Here’s what I want you to hear today, whether you’re a 10 year-old kid facing 5th grade peer-pressure, a high-school teen so afraid of rejection that you’re doing what God doesn’t want you doing, an over-controlling parent afraid of failure, a church member who’s favorite words are “but, if only, and we can’t.” Here’s what I want you to hear today: God never intended for us to operate and live and work and relate in fear mode.

There’s an abundant life out there that is ours for the taking. Spy it out. Explore what God is trying to give you. But as you listen to the naysayers and the people with the biggest buts, remember that God never intended for us to operate and live and work and relate out of fear.

Your marriage will never last if you’re always worried about infidelity. You’ll never enjoy peace if you fear him or her leaving you. God never intended marriages to work that way.

School is a tough place to live out your faith. You may be afraid the kids won’t like you, afraid they’ll make fun of you, afraid you don’t really fit in. What are your fears causing you to give up and give in to? What are your fears costing you? God never intended His people to live in fear like that.

Some of you will go out of here today knowing God would have you share your life with someone. Will your fears of getting hurt or used stop you? You know God wants you to relax and rest. Will you allow your fears of criticism keep you running?

I want you to bow your heads for just a moment and ask yourself this question: what is one thing in my life that fear is keeping me from enjoying the abundance of life God promised me? Just one thing? What is one relationship that fear is destroying? Fear of losing; fear of messing up; fear of not being loved; fear of not being accepted? Keep your head bowed and answer these:

• Does your fear always have a but? You’d be at ease, but…You’d be successful, but…

• Have you been looking at the obstacles in your way?

• Focusing on the difficulties

• What relationships at home and work and church are being caught up in the wildfire

• Is your fear preventing you from listening to reason

• Do you feel demoralized and immobilized

• Have you been saying? “if only”

• Are your unintentional favorite words, “I can’t”

• Are you longing for the comfort of yesterday

• Are you making decisions impulsively or even foolishly

• Are you aware that your fears may be offensive to God

God never intended for you to live and operate out of fear. That’s why Jesus could say His sheep hear His voice and follow Him. Israel didn’t know that voice. God spoke to them words of victory and promised them a land of abundance, but they didn’t follow. They cratered to their fears. And they died.

God never intended it to be that way.

I wonder how the Old Testament story would be different had Israel rallied around Joshua and Caleb that day long ago…how it would be different had they remembered God had not only promised them the land, but had also promised to GIVE it to them. There would be no 40 wasted years of wandering, no unnecessary deaths, no bitterness from Moses, and perhaps no Canaanites to deal with in later years. Their whole story would be different. Of course we’ll never know. There’s no changing what they did.
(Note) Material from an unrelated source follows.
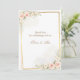 Romantisk blomsterbröllopsdetaljkort med dammiga rosa peonior och mjuk botanisk grönska. Elegant akvarelldesign skapad för att dela viktig bröllopsinformation såsom boende, dresscode, schema och ytterligare evenemangsinformation.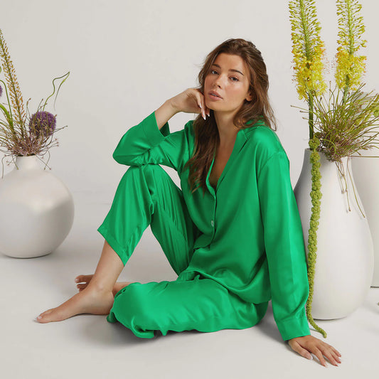 Lunya - Washable Silk Long Sleeve Pant Set - Glade Green

How would the New Testament story be different had Paul given in to his fears? What if Peter and John decided they were afraid of the persecution? Would we even know about Jesus today?

What about you? Your marriage? Your job? What about that relationship you’re in? What about our church? How might our futures be different if fear WASN’T a factor? If we simply trusted the Shepherd? That’s a future we don’t have to wonder about, because it’s still ours to write. Today the Shepherd is speaking to you to hear His voice, and this is what it’s telling you – His perfect love can drive out all your fears. Will you hear that voice and follow Him today?